According to Campbell [1], congestive heart failure in 304 necropsies of CoA patients was the cause of death in 25.5% and occurred at a mean age of 39 years. Spontaneous aortic rupture occurred in 21%, bacterial endocarditis in 18% and intracranial hemorrhage in 11.5% of them. These findings obviously support the need for early diagnosis and treatment of CoA. One serious complication occurred in our series – stroke in a 55-year-old woman with native aneurysm of CoA (remnant of closed spontaneously ductus arteriosus?) treated with a covered stent. She had some calcifications present in the aortic arch. This case suggests the potential usefulness of application of arterial filters in carotid arteries (similar as in stenting of stenosis of carotid arteries).

International guidelines for adults with congenital heart diseases recommend treatment of any significant CoA. In the natural history of native CoA 75% of patients died before they reached 46 years old [1]. In this paper, we present a unique group of patients older than 46 years treated with stent implantation.
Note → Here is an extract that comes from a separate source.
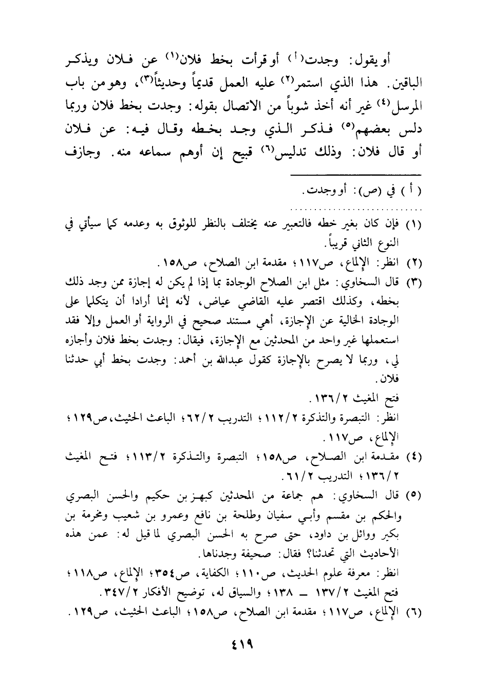 أو يقول: وجدت (أ) أو قرأت بخط فلان (¬1) عن فلان ويذكر الباقين. هذا الذي استمر (¬2) عليه العمل قديمًا وحديثًا (¬3)، وهو من باب المرسل (¬4) غير أنه أخذ شوبًا من الاتصال بقوله: وجدت بخط فلان وربما دلس بعضهم (¬5) فذكر الذي وجد بخطه وقال فيه: عن فلان أو قال فلان: وذلك تدليس (¬6) قبيح إن أوهم سماعه منه. وجازف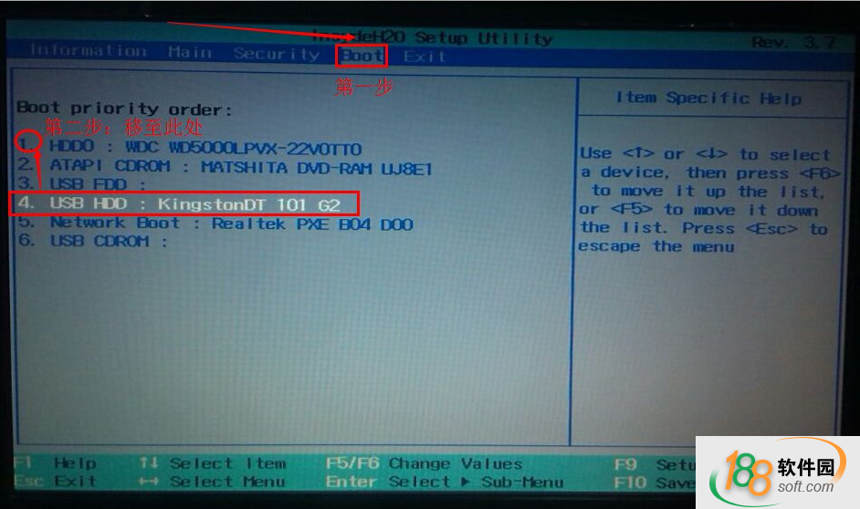 首先,將u盤啟動盤插入到電腦usb插口中,隨后打開電腦,出現開機畫面后按熱鍵進入bios設置(bios熱鍵不同品牌的機子有可能不同,大家自行網上查閱。)然后使用鍵盤上的左右方向鍵“←,→”將光標移至Boot 菜單,再使用鍵盤上的上下方向鍵“↑,↓”將光標移至USB HDD : KingstonDT 101 G2, 使用F5/F6鍵將u盤移動到第一啟動項,最后按F10保存退出

A quarter of our patients had signs of heart failure. In the majority of them bare metal stents were used and this treatment was safe and effective. Serious complications during the procedure in our group included 2 stent migrations and one stroke, but no aneurysm formation occurred even in follow-up.

Conclusions

Stent implantation in older adult patients is a feasible, safe procedure both with bare metal and covered stents. The treatment of native CoA should be done as soon as the diagnosis is established to prevent development of heart failure.

Conflict of interest

The authors declare no conflict of interest.